Gavin Newsom didn’t bother with nuance.

Donald Trump just announced a NEW 15% TAX on the American people,” the California governor wrote Saturday, adding, “He does not care about you.” Within minutes, the post became less about tariffs and more about a familiar online cage match: is this a “tax,” a trade weapon, or a panic pivot after the Supreme Court shut down Trump’s original tariff plan?

Newsom’s swipe landed in the immediate aftermath of a 6–3 Supreme Court ruling that said Trump could not use the International Emergency Economic Powers Act (IEEPA) to impose his earlier broad tariff program. The Court held that IEEPA does not authorize the President to impose tariffs, forcing the White House to scramble for a different legal lane.

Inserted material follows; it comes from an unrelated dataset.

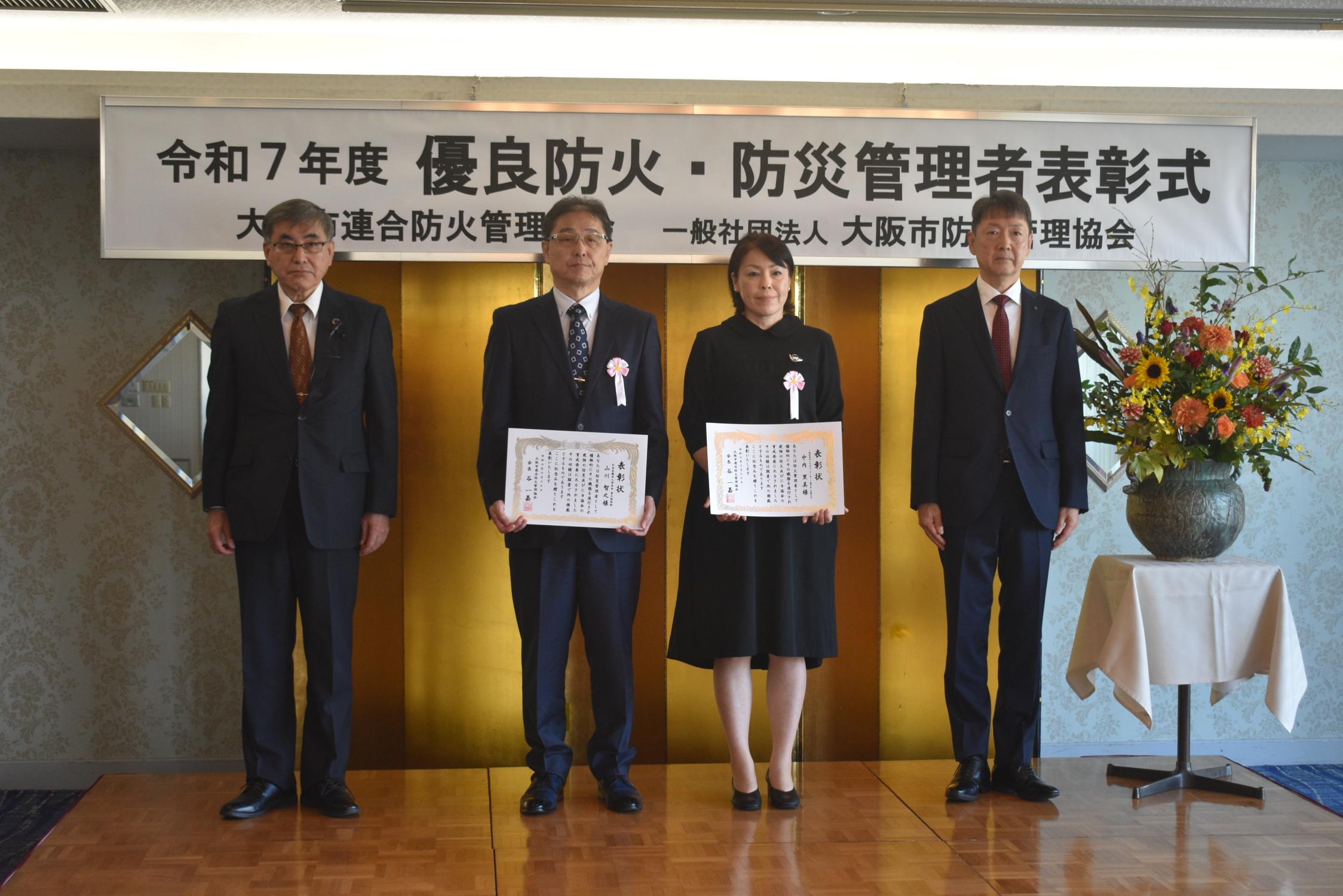 住之江支部からは、優良防火管理者として一般財団法人日本モーターボート競走会近畿支局の中内里美様が、優良防災管理者として社会医療法人景岳会南大阪病院の山川智之様が受賞されました。誠におめでとうございます。

Trump’s answer: Section 122 of the Trade Act of 1974, a rarely used authority that allows a temporary import surcharge up to 15% for 150 days, unless Congress extends it. On Friday, Trump announced a 10% worldwide tariff under that authority. On Saturday, he said he’s raising it to 15%, the statutory ceiling.

That’s the core of the “tax” argument: tariffs are collected at the border from importers, but they can show up downstream in price tags depending on the product and supply chain. Trump’s defenders insist the tariff is leverage meant to pressure other countries and protect U.S. manufacturing. Critics argue the practical impact still hits Americans who buy imported goods — which is why Newsom is framing it as a “15% tax.”

And the replies to Newsom’s post quickly showed how people are choosing sides.

One commenter mocked Newsom’s credibility on taxes, pointing to California and sneering that the “dude with the highest state taxes” is suddenly worried about tax burdens. Another jabbed that California’s taxes are “so high there’s a wait list for a U-Haul to move out.” Meanwhile, a pro-tariff reply argued tariffs help U.S. companies by making domestic products more competitive — and even praised tariffs as “much needed revenue,” in a line that basically proves why opponents call tariffs a tax in the first place.

Underneath the insults is a real question that hasn’t gone away: how long can a 15% global tariff actually last? Section 122 is designed to be temporary, and the 150-day clock puts Congress and the markets on notice that this could either expand into a longer trade fight under different laws — or hit a wall.

For Newsom, the political upside is obvious: he’s tying “15%” to “tax” in a way that’s easy to understand and hard to shake in a headline. For Trump, the message is also simple: the Supreme Court may have closed one door, but he’s betting he can keep tariffs alive through other authorities — long enough to force deals, rack up leverage, or dare Congress to stop him.

Either way, the tariff war didn’t end with the court ruling. It just moved to the replies.